10th Grade (2021-22)
- It's About Time I did a build event. And boy did I enjoy it!
- Our first competition was Rickards invitational. We were fooled by the tournament directors, who 1) had us thinking we'd get the tests back in any period of time considered the near future and 2) had us thinking that we didn't place in EXPD. We were bailed out in It's About Time because they did not test for builds, beginning the cycle of procrastination.
- SONI was much more exciting. We peaked in code, with one team trying what is best described as the equivalent of an Air Raid Offense (blitz aristocrats) and the other trying a conservative power run (mainly the other ciphers), and both scoring points. Anatomy was "Guess the Medicine?" and we guessed wrong. The other team had a rougher experiment than we did, you could say.

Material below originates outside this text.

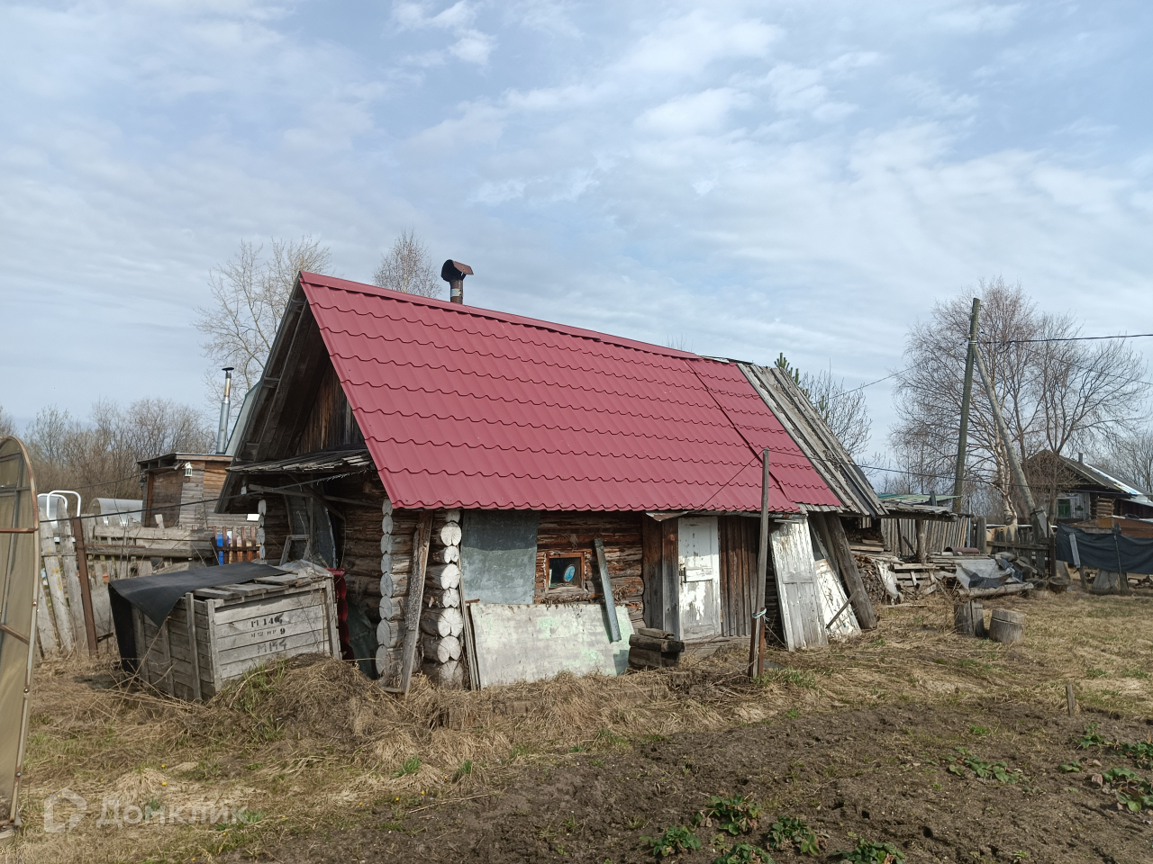 - Одноэтажный бревенчатый дом

- Golden Gate was bad. Plain and simple. We didn't solve timed in code. Our IAT device score was decent but Umaroth doubled our test score. We guessed what a double pendulum was. Overall, a great time!
- At regionals we did the most scuffed surface tension experiment ever- using a spoon to put the water and salt/sugar solution on the penny and then measure the diameter of the resulting blob. Oh, and I swapped the terms solute and solvent.
And we don't talk about experimental design.